• RECORDS PROVIDED
■ ■ ■

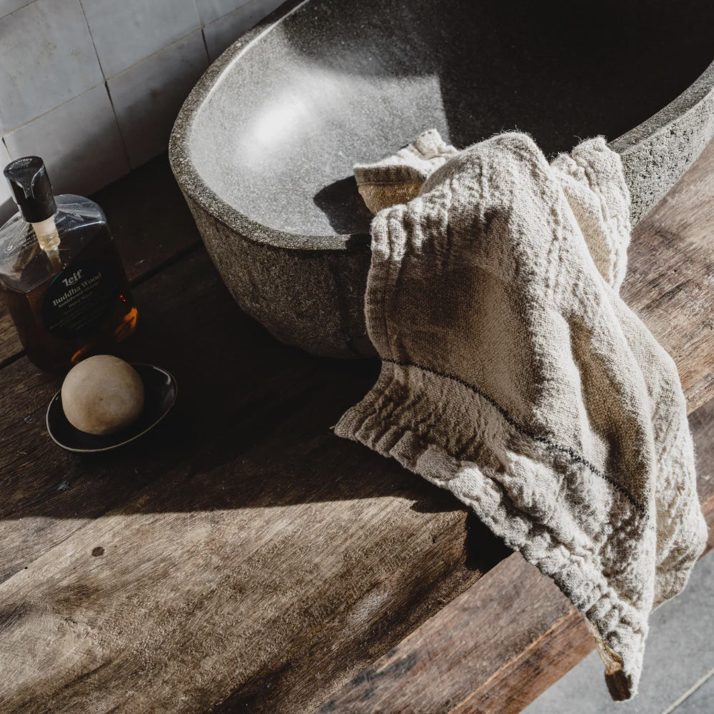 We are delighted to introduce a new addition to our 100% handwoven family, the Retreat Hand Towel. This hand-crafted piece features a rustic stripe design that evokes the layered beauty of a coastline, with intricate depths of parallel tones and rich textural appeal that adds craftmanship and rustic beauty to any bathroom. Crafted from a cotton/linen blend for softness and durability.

■ ■ ■

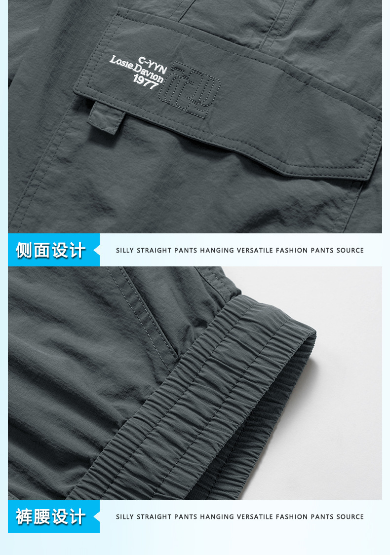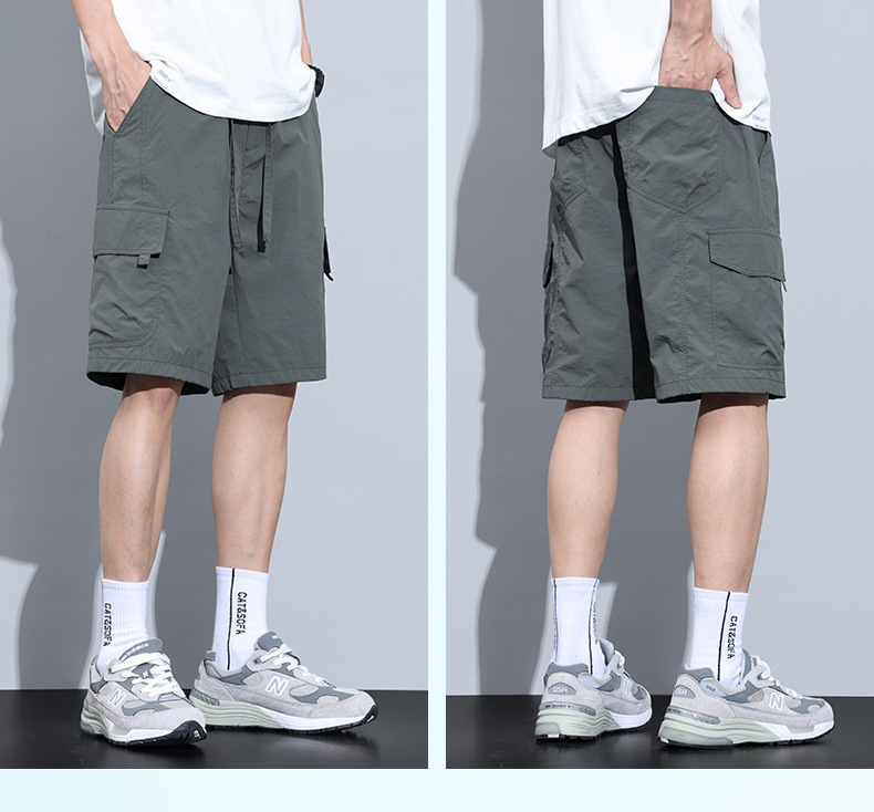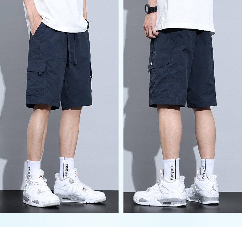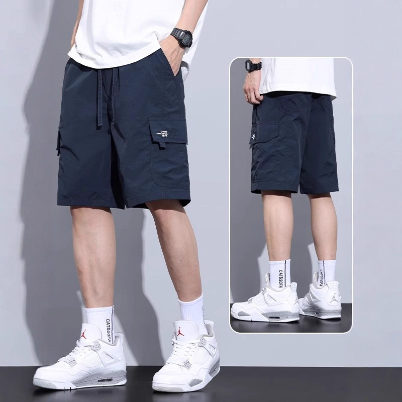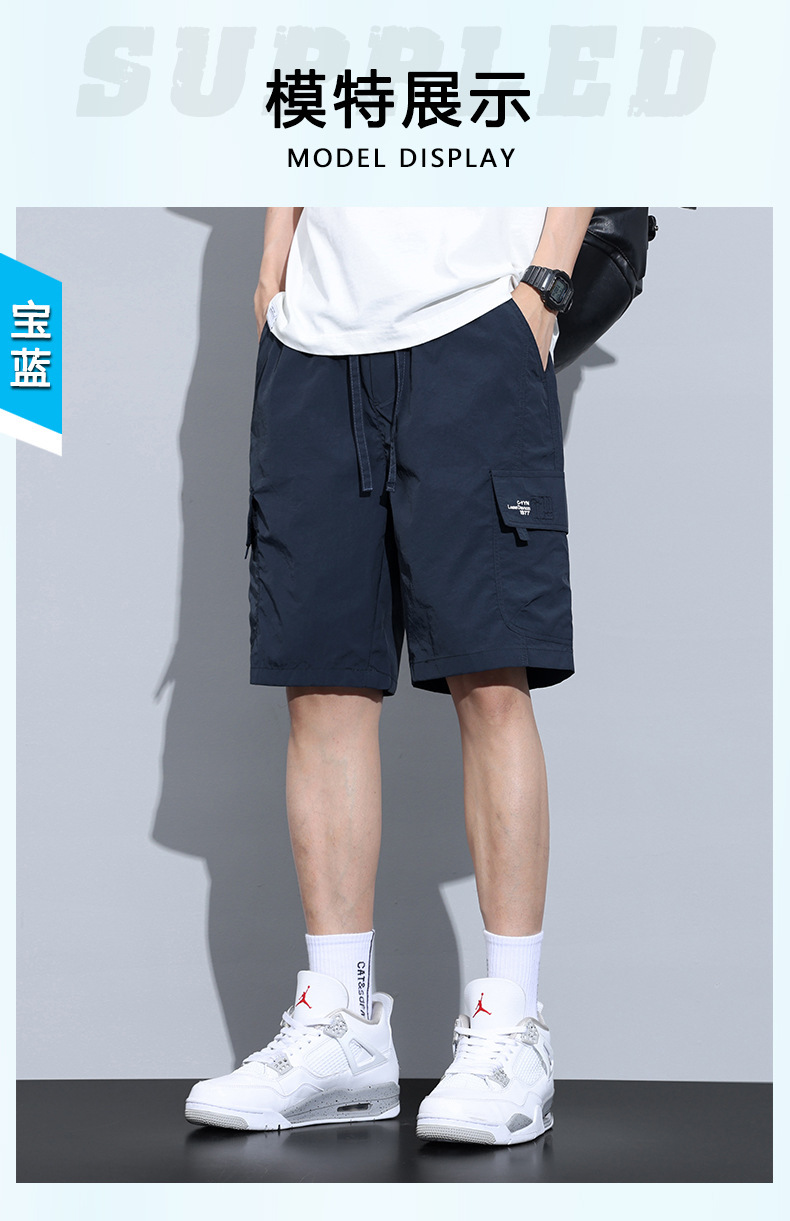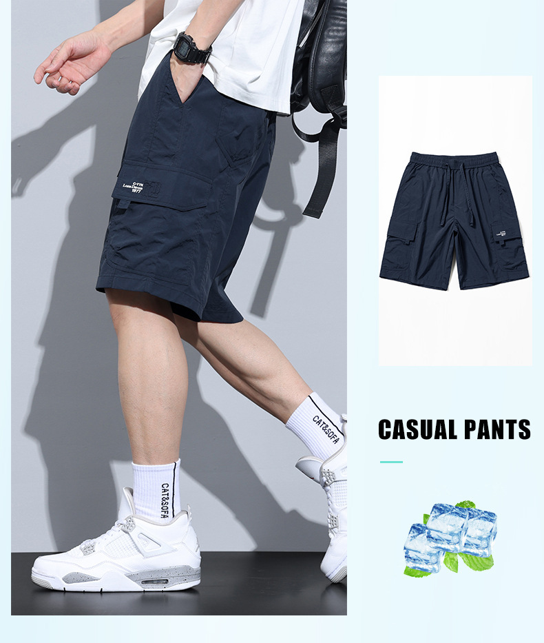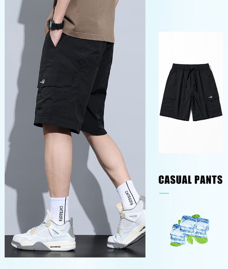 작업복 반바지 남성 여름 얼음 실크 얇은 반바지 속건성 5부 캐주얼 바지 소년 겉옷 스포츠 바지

■ ■ ■

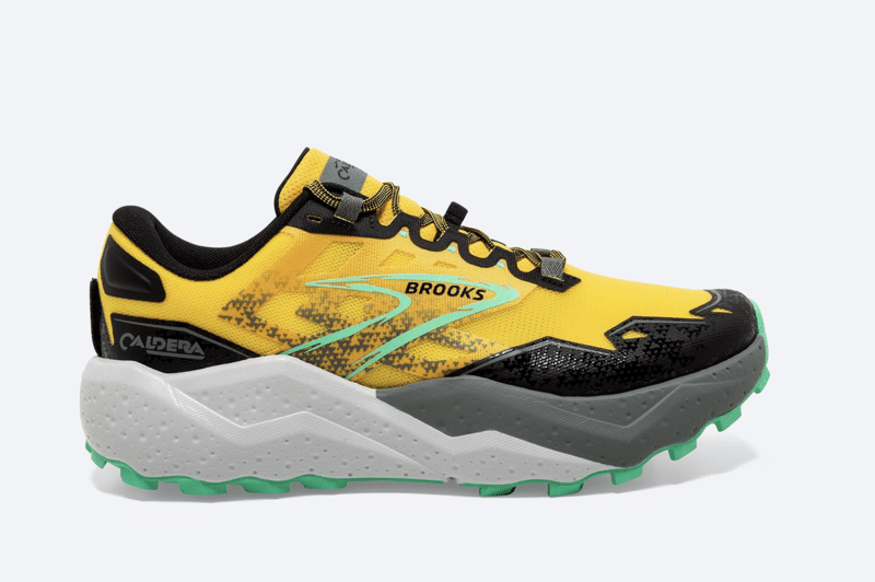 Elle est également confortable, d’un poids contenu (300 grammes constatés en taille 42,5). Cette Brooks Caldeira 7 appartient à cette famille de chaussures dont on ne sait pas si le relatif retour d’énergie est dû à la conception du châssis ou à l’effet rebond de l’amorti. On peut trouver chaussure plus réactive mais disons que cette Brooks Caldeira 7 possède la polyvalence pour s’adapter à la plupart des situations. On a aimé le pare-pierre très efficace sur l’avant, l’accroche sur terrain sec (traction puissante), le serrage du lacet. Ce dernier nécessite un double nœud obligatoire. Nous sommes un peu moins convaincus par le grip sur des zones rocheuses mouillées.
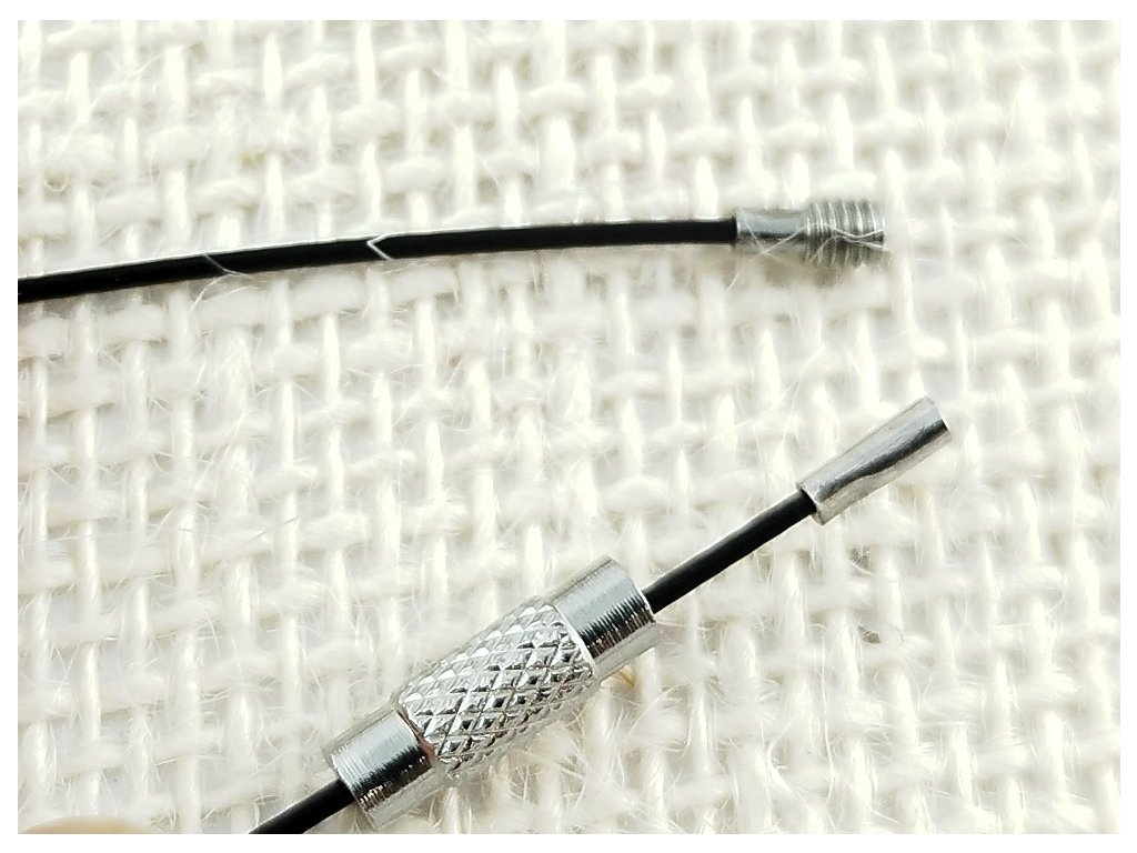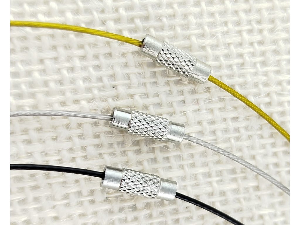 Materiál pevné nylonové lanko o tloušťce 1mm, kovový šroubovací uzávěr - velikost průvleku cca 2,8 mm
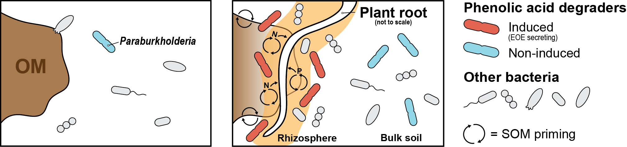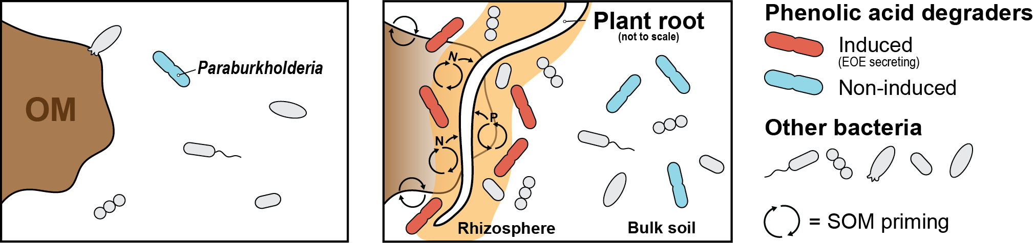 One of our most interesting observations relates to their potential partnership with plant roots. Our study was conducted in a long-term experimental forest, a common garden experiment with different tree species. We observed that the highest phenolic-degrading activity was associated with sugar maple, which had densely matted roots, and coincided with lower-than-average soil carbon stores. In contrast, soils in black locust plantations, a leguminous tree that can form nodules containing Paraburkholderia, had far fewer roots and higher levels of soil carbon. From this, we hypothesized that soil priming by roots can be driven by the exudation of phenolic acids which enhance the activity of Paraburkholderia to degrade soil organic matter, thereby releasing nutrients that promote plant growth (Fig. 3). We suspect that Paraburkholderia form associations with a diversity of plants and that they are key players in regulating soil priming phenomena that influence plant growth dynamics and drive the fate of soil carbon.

■ ■ ■

• WORK INSTRUCTIONS
From the records above, copy exactly the lines starting at the one with "Elle est également" and ending at the one with "Materiál pevné nylonové", and no others. Pictures stay out.

• SOLUTION TO THE PROBLEM
 Elle est également confortable, d’un poids contenu (300 grammes constatés en taille 42,5). Cette Brooks Caldeira 7 appartient à cette famille de chaussures dont on ne sait pas si le relatif retour d’énergie est dû à la conception du châssis ou à l’effet rebond de l’amorti. On peut trouver chaussure plus réactive mais disons que cette Brooks Caldeira 7 possède la polyvalence pour s’adapter à la plupart des situations. On a aimé le pare-pierre très efficace sur l’avant, l’accroche sur terrain sec (traction puissante), le serrage du lacet. Ce dernier nécessite un double nœud obligatoire. Nous sommes un peu moins convaincus par le grip sur des zones rocheuses mouillées.
 Materiál pevné nylonové lanko o tloušťce 1mm, kovový šroubovací uzávěr - velikost průvleku cca 2,8 mm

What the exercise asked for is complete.